Anyway, Astin's book. Mostly it's about his experiences making the LOTR movies, which is really the only reason anyone would buy it. I mean, he's the son of famous parents, but aside from these movies he hasn't done anything earthshaking (yet). He's clearly got a long career ahead of him including, as he says several times in the book, holding public office - and by the time he's 60 he'll probably have loads of great stories to tell. For now, you'll have to settle for some low-level gossip about his co-stars (Ian McKellan stole his makeup artist! Elijah Wood smokes clove cigarettes! Christopher Lee was mad that his scenes were cut from ROTK!) and some fairly interesting glimpses of what it was like to work for Peter Jackson for three years. A good afternoon read.

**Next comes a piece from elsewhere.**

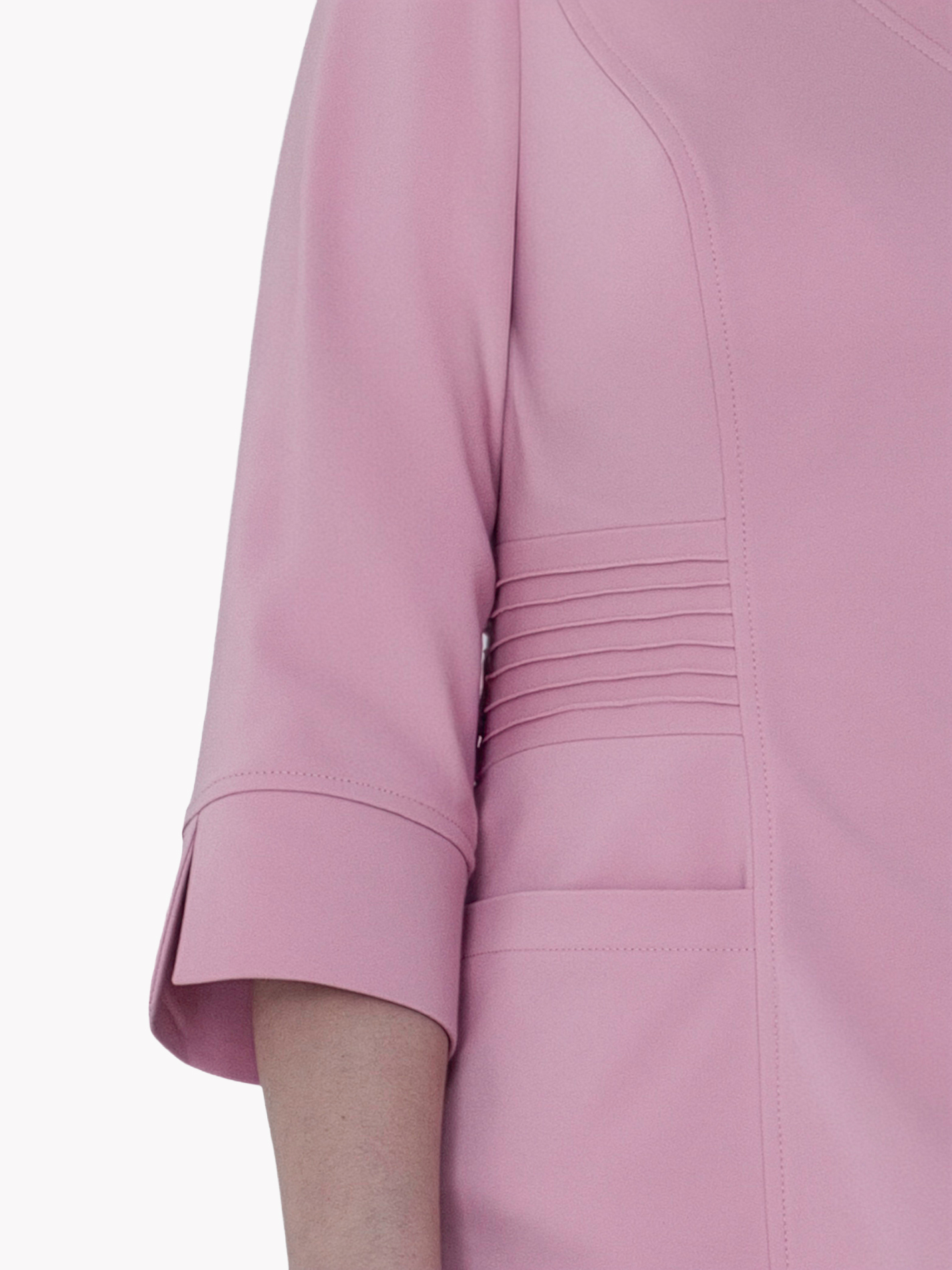 Elegancki dekolt w kształcie litery V dodaje bluzie dostojności i klasy, a finezyjne mankiety oraz rękaw o długości 3/4 wprowadzają modowy akcent, który wyróżnia ją na tle klasycznych uniformów. Dzięki temu wyglądasz profesjonalnie i stylowo, nie rezygnując z wygody. Boczne rozcięcia to nie tylko element stylistyczny, ale przede wszystkim praktyczne rozwiązanie, które zapewnia swobodę ruchów, kluczową w dynamicznym środowisku pracy.
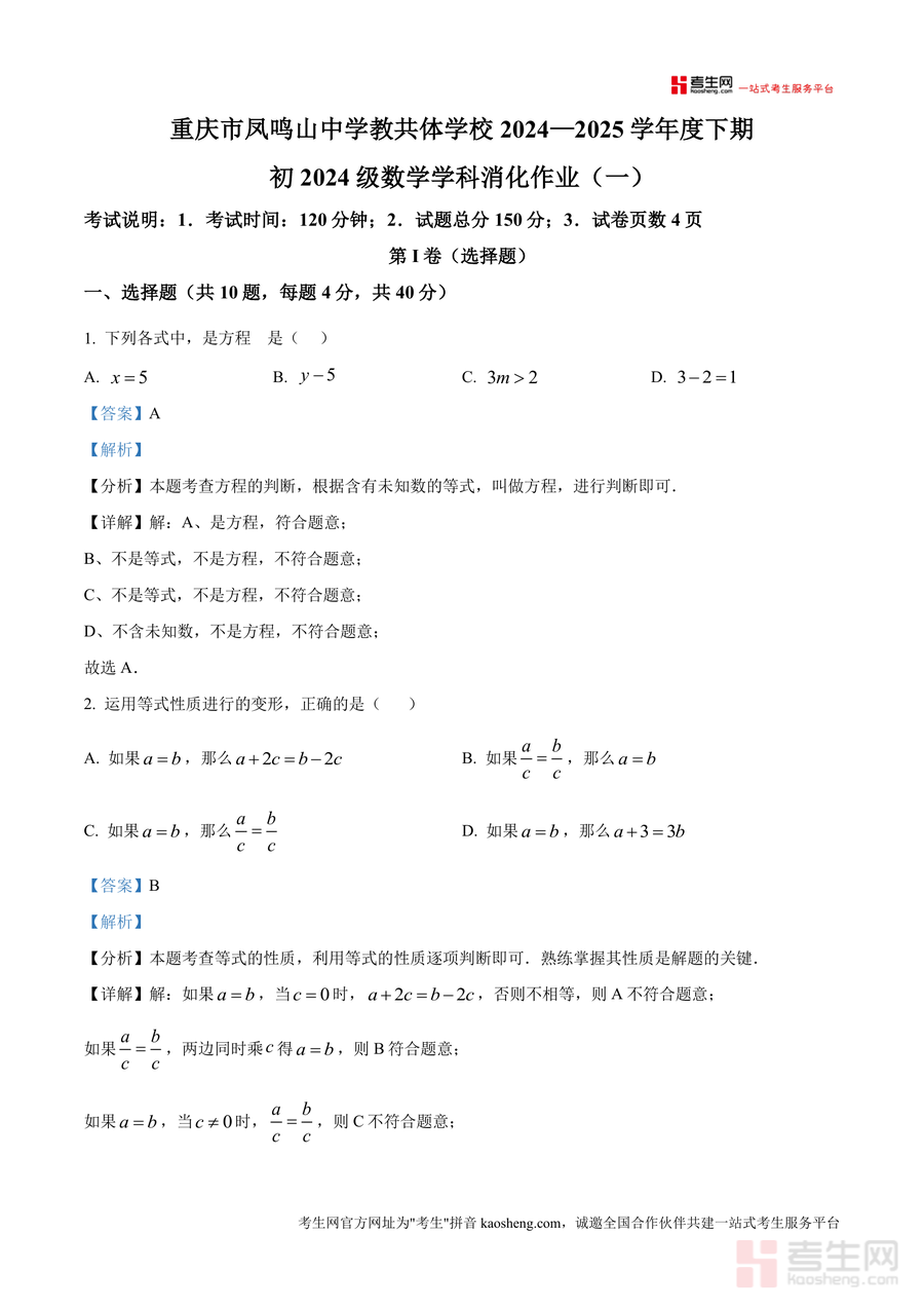《精品解析:重庆市凤鸣山中学教共体2024-2025学年七年级下学期3月阶段练习数学试题(解析版)》是一份针对本地教共体七年级数学阶段练习编写而成兼具权威性与实用性的备考资料。该资料包含完整试题及详细解析版,覆盖选择题、填空题及解答题三大题型,涵盖方程判断、等式性质应用、一元一次方程参数问题等核心考点;其特色亮点在于真题解析中融入考点拆解(如第9题《九章算术》应用题建模思路)、解题步骤(如去括号法则规范运用)及易错点提示(如等式性质除数不为0注意事项),同时结合应试能力培养需求,总结典型题型解题技巧。

I gotta say, though, riding Astin's emotional roller coaster does get tiresome. Never having read the books, Astin didn't know who Sam was or how important he was to the soul of the story, or that Sam only realizes his strength over the course of the quest. So he spent a lot of time worrying about Sam coming off like a buffoon and not having as much screen time as the other characters in the first two movies. This problem could have been easily solved if he had just READ THE DAMN BOOKS before he started the movie! Or, failing that, he could have hired a rabid Tolkien fan (like me) to explain it all to him and tell him in no uncertain terms that yes, Samwise Gamgee is in fact the goddamn hero. And that he should've been nominated for an Oscar.